Denver residents also have the misperception that recycling is free, which Freeman says he sees in other parts of the county, as well. He says when the county learned half of its material stream was comprised of organics and launched an organics recycling program for $10 a month, it was a challenge to implement the program and grow participation because of the cost.
New industry standards
While municipalities are “taking an active role on the contamination side” and facing other complexities, Kelley says material recovery facility (MRF) operators are becoming realistic about rejecting loads and assessing fees for contamination, in part because of high quality standards imposed by consumers of recyclables.
“In the past, a lot of [MRFs] said, ‘We’ll deal with it,’” Kelley says. “That’s not acceptable anymore. Most [MRFs] should have the power to reject a load that shows up and is half waste. If they don’t, they need to negotiate it.”
He adds, “That’s not always easy.
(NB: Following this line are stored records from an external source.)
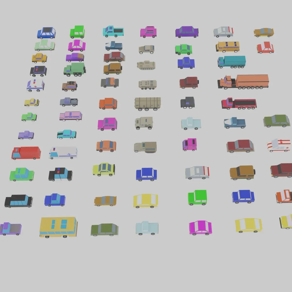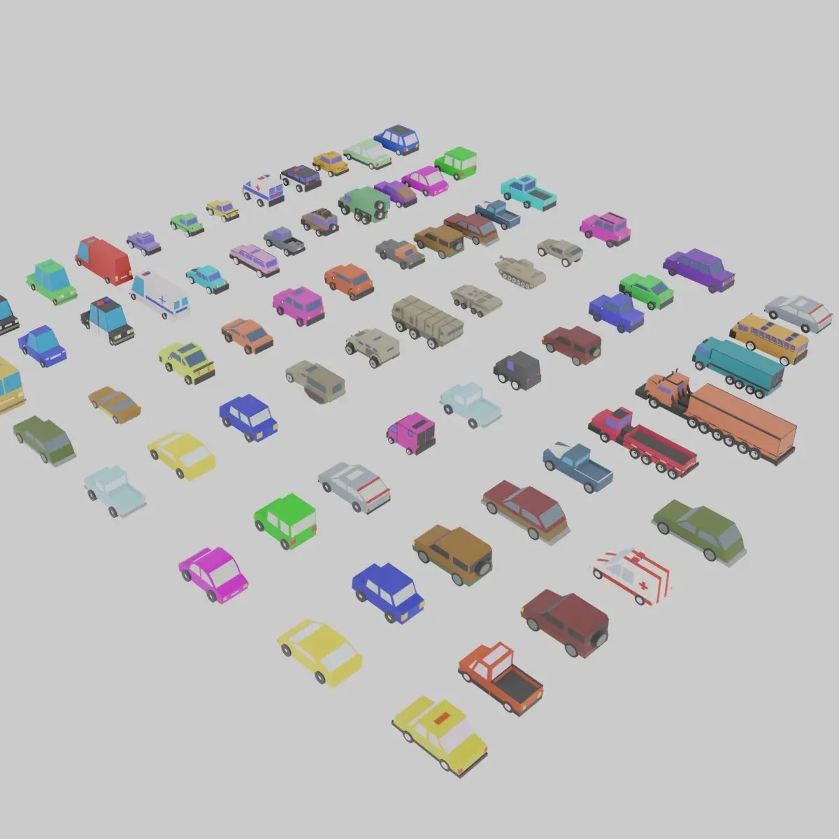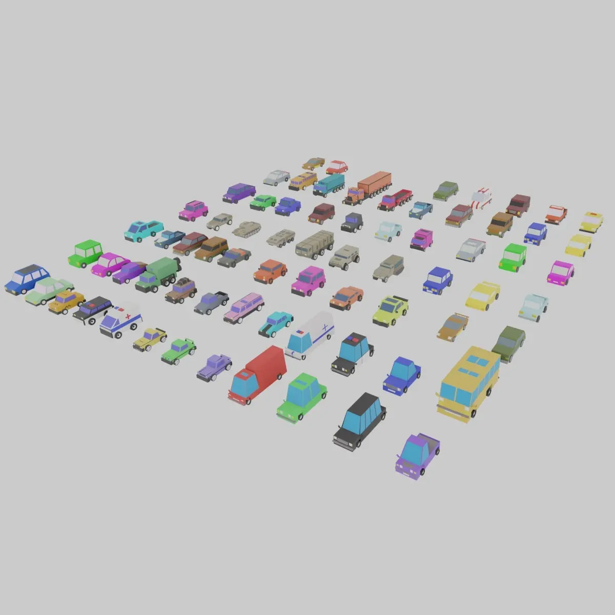 This is the collection of 72 low-polygonal pre-textured models of various city vehicles. Purchasing this collection you are saving 70% of price buying models separately.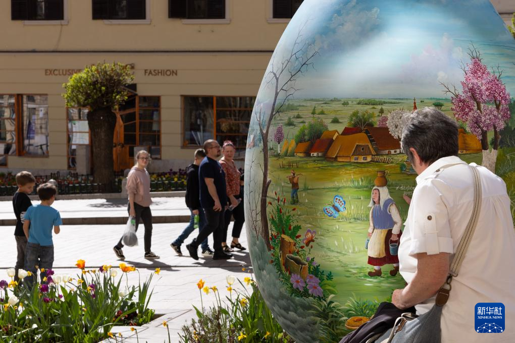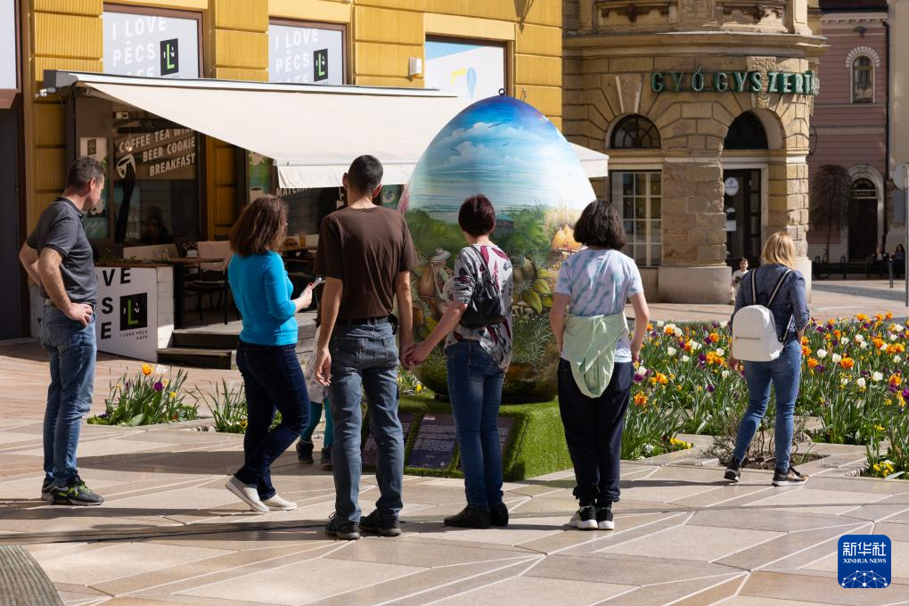 3月30日,人們在匈牙利南部城市佩奇街頭參觀復活節巨型彩蛋。新華社發(弗爾季·奧蒂洛攝)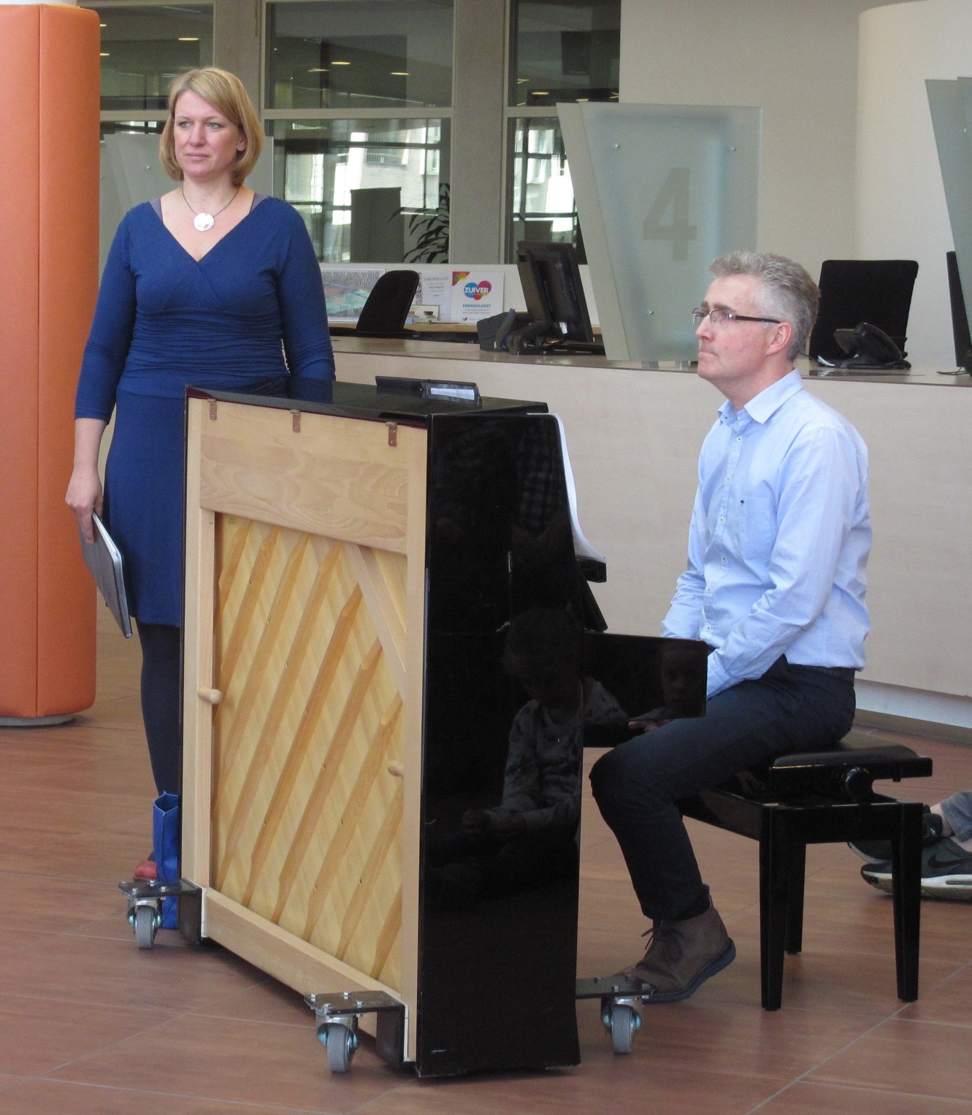Afgelopen zondag hebben we onder veel belangstelling een mooi optreden gegeven in de hal van het Gemeentehuis. Elske nogmaals bedankt voor je enthousiasme en inzet de afgelopen periode en ook Hans natuurlijk bedankt voor de, zoals altijd, prachtige muzikale begeleiding.

There has to be some shared risk, which a lot of municipalities are very averse to. Recycling is not like any other business out there because materials are always coming and the market is always changing, and I know it’s very difficult for many municipalities to deal with that.”
Kelley says municipalities should conduct material audits to measure performance at the MRF and to share progress from public education efforts.
While these changes have been difficult for municipalities and MRFs, Kelley says, “The good that’s going to come out of this is that we’re going to have North American processing capacity again. There has to be this survival mentality to get to that point.”
Developing end markets
The goal of many municipalities is to ensure the material collected curbside is marketable. Freeman says he helps manage a state-funded incentive program called Colorado NextCycle, which is designed to encourage businesses to make products from recyclables. Through the program, the Colorado Department of Public Health and Environment (CDPHE) helps identify teams with ideas for developing or improving recycling end markets in the state.
During Colorado NextCycle’s first season in 2018-2019, the state selected nine teams to participate in the business incubator program, including a two-day accelerator workshop and a pitch session to an audience of recycling professionals and investors. The nine teams also had the opportunity to apply for an end market development grant, which seeks to provide up to $3 million in funding to anyone interested in creating or expanding end markets for recyclables and organic materials in Colorado, CDPHE says.
“When we started NextCycle, we looked at it from an investor standpoint,” Freeman says. “We want these businesses to have success in the long term and to be able to make money, so what are the pinch points in our supply chains in Colorado that we need to address?”
This idea also was brought to life in entrepreneur Chris Graff’s NYC Curb-To-Market Challenge, which offered $500,000 for the best business plan to manufacture products from New York City’s recyclables to sell locally. Anthropocene. Design, a circular economy design consultancy, and Argentina-based plastic film recycler Arqlite each received a $250,000 investment in 2019.
“It takes a long time to get these investments going, but I think there’s a lot of positivity around this push for domestic and local end markets,” Freeman says. “I think folks are also starting to realize that there’s a cost of collection and processing materials and recycling is a viable and necessary system that keeps a lot of material out of the landfill and the ocean.”